Once the pictures are removed, restate the data below word for word.

[Source data]:
- - -
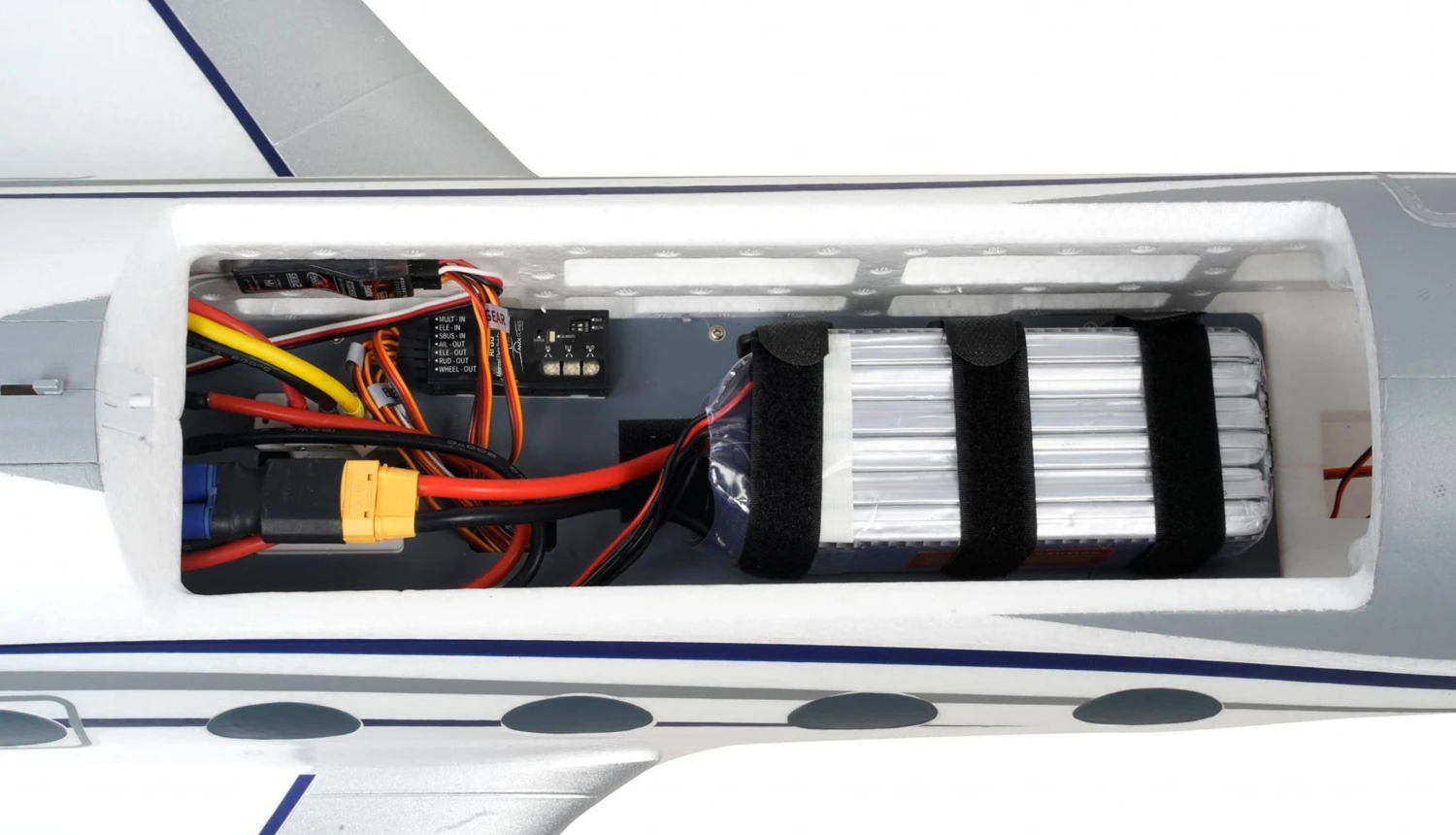 Der Aufbau dieses weitestgehend vorgefertigten PNP-Modells beschränkt sich lediglich auf das Kleben des zweiteiligen Rumpfes, das Anbringen des Höhenruders, der Antriebsgondeln und der Tragflächen. Alle Teile werden geschraubt (bis auf die Rumpfhälften) und alle Kabel, die 13-teilige LED-Beleuchtung, das Fahrwerk und die Verteilerplatine, auf der alle elektrischen Komponenten zusammenlaufen, sind bereits im Modell verbaut. Der Anschluss von Servos und LEDs im Höhenruder und den Tragflächen werden jeweils über einen mehrpoligen Stecker mit dem Gegenstück im Rumpf verbunden, bevor Höhenruder und Tragflächen angeschraubt werden. So werden alle Verbindungen zum Höhenruder mit Heckblitzer und bei den Tragflächen zum Querruder, den Landeklappen, der Beleuchtung und dem Fahrwerk hergestellt.
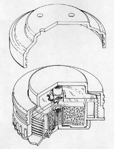 Triggering Mechanism: Both mines use a simple pressure fuze. The top of the mine is a round pressure plate. When roughly 5–10 kg or more of force (e.g. a person’s footstep) is applied, a thin shear wire inside breaks, releasing a spring-loaded firing pin that snaps into a detonator. This ignites a booster and then the main charge, causing a blast directed upward. The explosion can severely wound the victim’s foot or leg. The mines are non-fragmenting (they rely on blast effect only, with no metal shrapnel). A plastic safety cap covers the pressure plate during transport and is removed to arm the mine. Deminers can neutralize the mine by replacing the safety cap or carefully unscrewing the base to remove the detonator/booster.
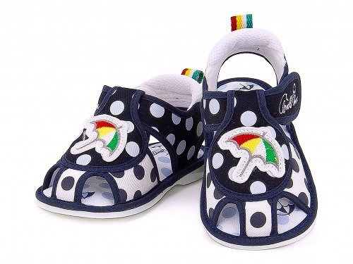 ドット柄が可愛らしいベビーサンダルは、歩くたびにぴよぴよと音が鳴る笛付き☆スポーツサンダルタイプで脱げにくく安心!マジックテープが大きく開くので脱ぎ履きも楽チンです♪笛は本体から取りはずすことができます。※展開サイズ:キッズ
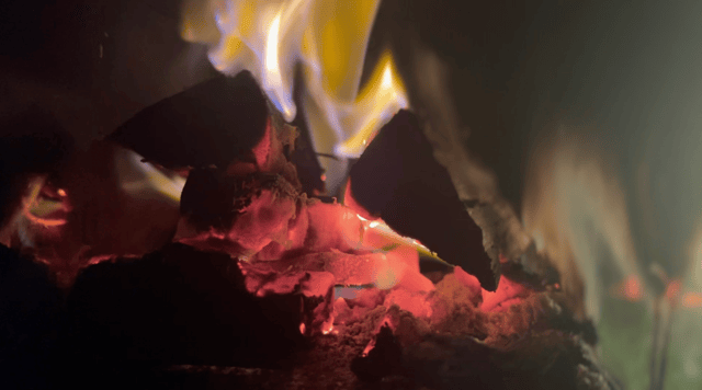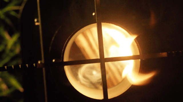 2次燃焼システムは底にある穴から空気を取り込み燃焼(1次燃焼)し、空気が上層に上がります。その際に側面から入り込む空気とガスが一緒になり、再度燃焼(2次燃焼)される仕組みにより、効率よく燃焼します。
- - -
[Exercise response]:
 Der Aufbau dieses weitestgehend vorgefertigten PNP-Modells beschränkt sich lediglich auf das Kleben des zweiteiligen Rumpfes, das Anbringen des Höhenruders, der Antriebsgondeln und der Tragflächen. Alle Teile werden geschraubt (bis auf die Rumpfhälften) und alle Kabel, die 13-teilige LED-Beleuchtung, das Fahrwerk und die Verteilerplatine, auf der alle elektrischen Komponenten zusammenlaufen, sind bereits im Modell verbaut. Der Anschluss von Servos und LEDs im Höhenruder und den Tragflächen werden jeweils über einen mehrpoligen Stecker mit dem Gegenstück im Rumpf verbunden, bevor Höhenruder und Tragflächen angeschraubt werden. So werden alle Verbindungen zum Höhenruder mit Heckblitzer und bei den Tragflächen zum Querruder, den Landeklappen, der Beleuchtung und dem Fahrwerk hergestellt.
 Triggering Mechanism: Both mines use a simple pressure fuze. The top of the mine is a round pressure plate. When roughly 5–10 kg or more of force (e.g. a person’s footstep) is applied, a thin shear wire inside breaks, releasing a spring-loaded firing pin that snaps into a detonator. This ignites a booster and then the main charge, causing a blast directed upward. The explosion can severely wound the victim’s foot or leg. The mines are non-fragmenting (they rely on blast effect only, with no metal shrapnel). A plastic safety cap covers the pressure plate during transport and is removed to arm the mine. Deminers can neutralize the mine by replacing the safety cap or carefully unscrewing the base to remove the detonator/booster.
 ドット柄が可愛らしいベビーサンダルは、歩くたびにぴよぴよと音が鳴る笛付き☆スポーツサンダルタイプで脱げにくく安心!マジックテープが大きく開くので脱ぎ履きも楽チンです♪笛は本体から取りはずすことができます。※展開サイズ:キッズ
 2次燃焼システムは底にある穴から空気を取り込み燃焼(1次燃焼)し、空気が上層に上がります。その際に側面から入り込む空気とガスが一緒になり、再度燃焼(2次燃焼)される仕組みにより、効率よく燃焼します。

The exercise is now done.